Anatomically, the optic nerve head is supplied by both the posterior ciliary arteries and the central retinal artery (in the more superficial layers), whereas the choroid is supplied solely by the posterior ciliary arteries. If blood flow is reduced in the central retinal artery, as Groh et al17 suggest, then one would expect this to have implications for both retinal and neuroretinal rim perfusion. The observed decrease in both neuroretinal rim and retinal blood flow in this study serves to support this. Furthermore, the finding that blood flow is reduced in the lamina cribrosa suggests the presence of decreased blood flow in the posterior ciliary arteries. Alternatively, the reduction in microvascular flow in the lamina cribrosa may be restricted to the capillaries. A reduction in posterior ciliary blood flow may also have implications for choroidal perfusion. Ravalico et al15 reported a reduction in the pulsatile component of ocular blood flow with increasing age. It is known that pulsatile ocular blood flow is primarily choroidal in origin,33 thus providing indirect support for reduced choroidal flow. Further studies are required to determine the involvement of the posterior ciliary arteries in the perfusion of the ageing eye.

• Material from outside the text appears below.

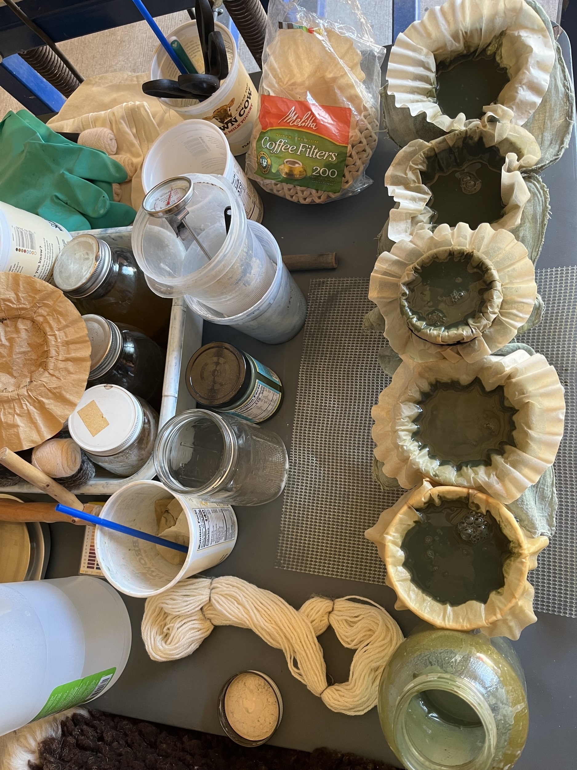 - After 30 hours dip yarn into the vat and hold it under the surface for 5 minutes.

To summarise, age has a significant effect on neuroretinal rim and lamina cribrosa blood flow and velocity and retinal volume. Morphological changes associated with age, such as reductions in retinal ganglion cells and their axons, have previously been reported.34,35,36 This depletion in nerve fibre numbers may result in a reduced requirement for ocular perfusion, or alternatively reduced perfusion may itself result in the depletion of retinal ganglion cell axons. Blood flow measurements may fall due to increases in vascular resistance following changes in the capillary vessel structure with age.37 It is known that with age the incidence of atherosclerosis increases, which reduces arterial distensibility.21 It therefore follows that with advancing age the compliance of the retrobulbar arteries, including the posterior ciliary arteries and the central retinal artery, are likely to diminish and in turn will result in a decrease in the retinal and neuroretinal rim microcirculation. Alternatively, the blood flow reductions observed may be due to loss of autoregulatory processes38 that are strongly influenced by the endothelium, and known to alter with increasing age.22 While the exact basis for reduced blood flow is uncertain, what remains clear is that advancing age results in lower ocular blood flow. It is likely that multiple factors are involved in the process of blood flow diminution with age, and such reduction may be of significance in the aetiology of some age-related eye diseases, or indeed exacerbated by them.